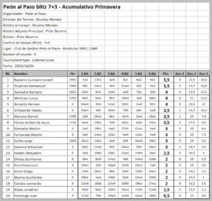 En una nueva incursión a la Ciudad Autónoma de Buenos Aires, Gustavo Navarro participó en un Certamen Blitz Acumulativo de Primavera en el club Peón al Paso, sito en Honduras 5852 de la capital. Luego de seis rondas bajo el sistema suizo con un ritmo de 7+3 (siete minutos iniciales para toda la partida con el adosamiento de tres segundos luego de cada una), el dolorense logró vencer en el torneo con 5½ puntos sobre seis posibles [5-1-0], dividiendo el punto tan sólo con Emmanuel Pradines, pero dejándolo atrás en el sistema de desempate (fuerza relativa de los rivales enfrentados por cada uno).
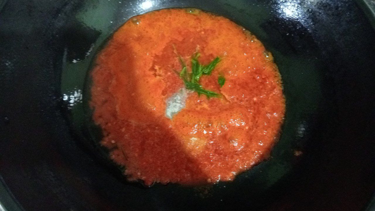 Setelah itu, aku blender cabai, bawang merah, bawang putih, dan kemiri. Bumbunya aku tumis sampai harum, ditambah daun jeruk biar wangi banget
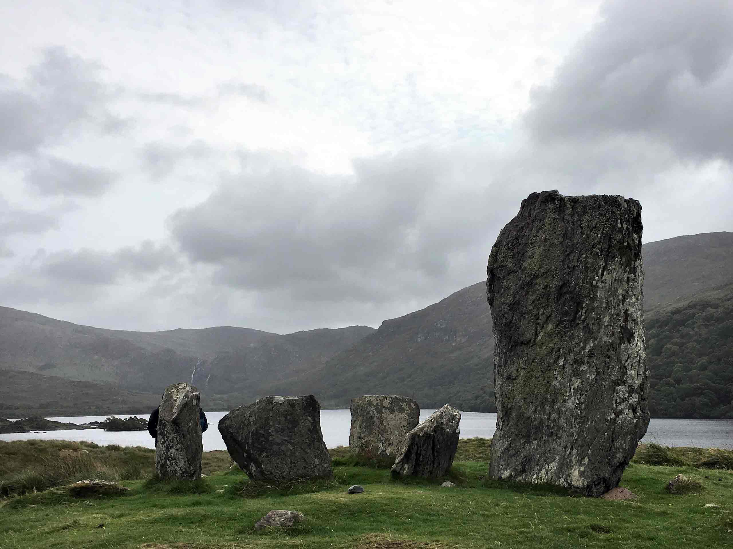 Am Lake Napeasta besuchen wir einen mystischen Five Stone Circle, den Uragh Stone Circle, am Lough Inchiquin. Wir sind die einzigen Besucher und so setzen wir uns in seine Mitte, genießen die Ruhe, philosophieren über Urzeiten und lassen unseren Geist entschweben. Nach einer halben Stunde kehren wir zu unserem abgestellten Motorrad zurück und finden es umstellt von einer Herde rabenschwarzer Stiere. OK! Etwas Mut auspacken und einfach durch die Herde von sicher 25 grimmig dreinschauenden Galoway Rindern zum Motorrad durchgehen. Ich starte und die Viecher machen schön langsam Platz. Wer sucht, der findet hier viele prähistorische Monumente, Menhire, Hügelgräber und viele Steinkreise.
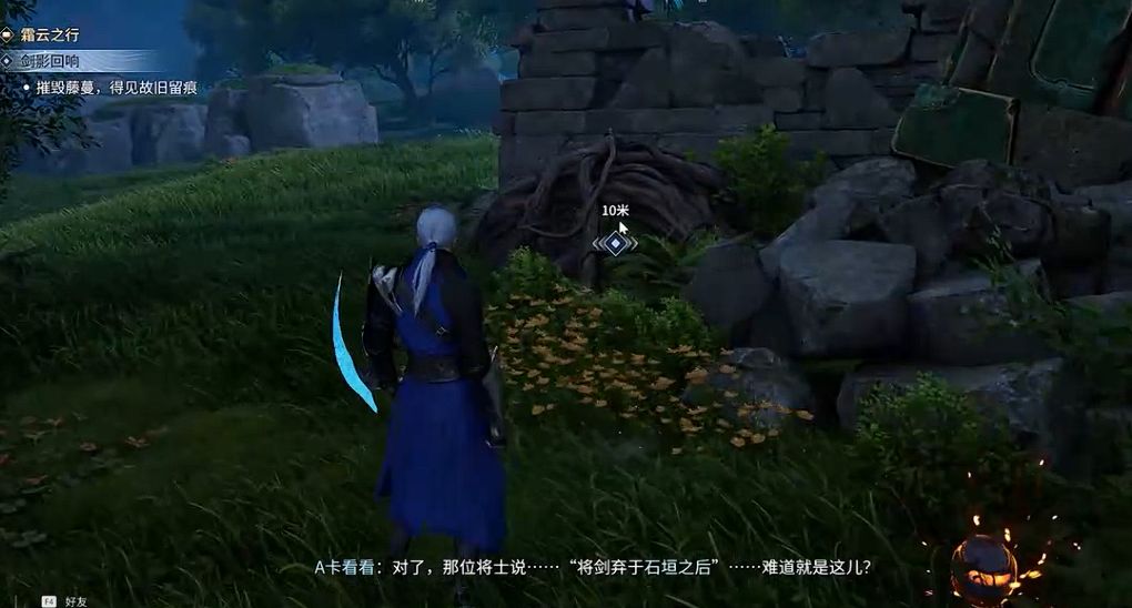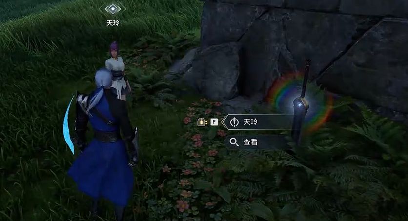 查看剑,等待NPC天灵到来并对话。对话结束后,【剑影回响】任务完成。
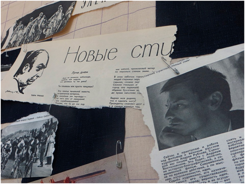 На виставці було багато притягальних об'єктів. Окрема кімната, мов тренувальний зал, для іграшок – «станів душі» художниці. Але мене особливо довго тримала ностальгійна інсталяція з журналів багаторічної давності. Тут і рядки-блискітки з Пабла Неруди, й Роберта Фроста, й Андрія Тарковського...
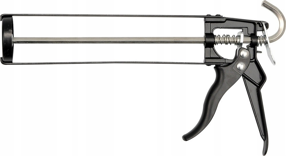 Плотный массовый сжиматель, скелетный тип. Легкий, изготовленный из стального листа, лакированный. Удобная, профилированная, эргономичная ручка, изготовленная из алюминия, позволяет эффективно наносить толстые массы, например, клей, герметики, смазочные материалы и т. Д. Вещества из типичных контейнеров 300 мл.

Exercise directions: Return all the lines above exactly; none of the pictures should appear.

Response box:
 En una nueva incursión a la Ciudad Autónoma de Buenos Aires, Gustavo Navarro participó en un Certamen Blitz Acumulativo de Primavera en el club Peón al Paso, sito en Honduras 5852 de la capital. Luego de seis rondas bajo el sistema suizo con un ritmo de 7+3 (siete minutos iniciales para toda la partida con el adosamiento de tres segundos luego de cada una), el dolorense logró vencer en el torneo con 5½ puntos sobre seis posibles [5-1-0], dividiendo el punto tan sólo con Emmanuel Pradines, pero dejándolo atrás en el sistema de desempate (fuerza relativa de los rivales enfrentados por cada uno).
 Setelah itu, aku blender cabai, bawang merah, bawang putih, dan kemiri. Bumbunya aku tumis sampai harum, ditambah daun jeruk biar wangi banget
 Am Lake Napeasta besuchen wir einen mystischen Five Stone Circle, den Uragh Stone Circle, am Lough Inchiquin. Wir sind die einzigen Besucher und so setzen wir uns in seine Mitte, genießen die Ruhe, philosophieren über Urzeiten und lassen unseren Geist entschweben. Nach einer halben Stunde kehren wir zu unserem abgestellten Motorrad zurück und finden es umstellt von einer Herde rabenschwarzer Stiere. OK! Etwas Mut auspacken und einfach durch die Herde von sicher 25 grimmig dreinschauenden Galoway Rindern zum Motorrad durchgehen. Ich starte und die Viecher machen schön langsam Platz. Wer sucht, der findet hier viele prähistorische Monumente, Menhire, Hügelgräber und viele Steinkreise.
 查看剑,等待NPC天灵到来并对话。对话结束后,【剑影回响】任务完成。
 На виставці було багато притягальних об'єктів. Окрема кімната, мов тренувальний зал, для іграшок – «станів душі» художниці. Але мене особливо довго тримала ностальгійна інсталяція з журналів багаторічної давності. Тут і рядки-блискітки з Пабла Неруди, й Роберта Фроста, й Андрія Тарковського...
 Плотный массовый сжиматель, скелетный тип. Легкий, изготовленный из стального листа, лакированный. Удобная, профилированная, эргономичная ручка, изготовленная из алюминия, позволяет эффективно наносить толстые массы, например, клей, герметики, смазочные материалы и т. Д. Вещества из типичных контейнеров 300 мл.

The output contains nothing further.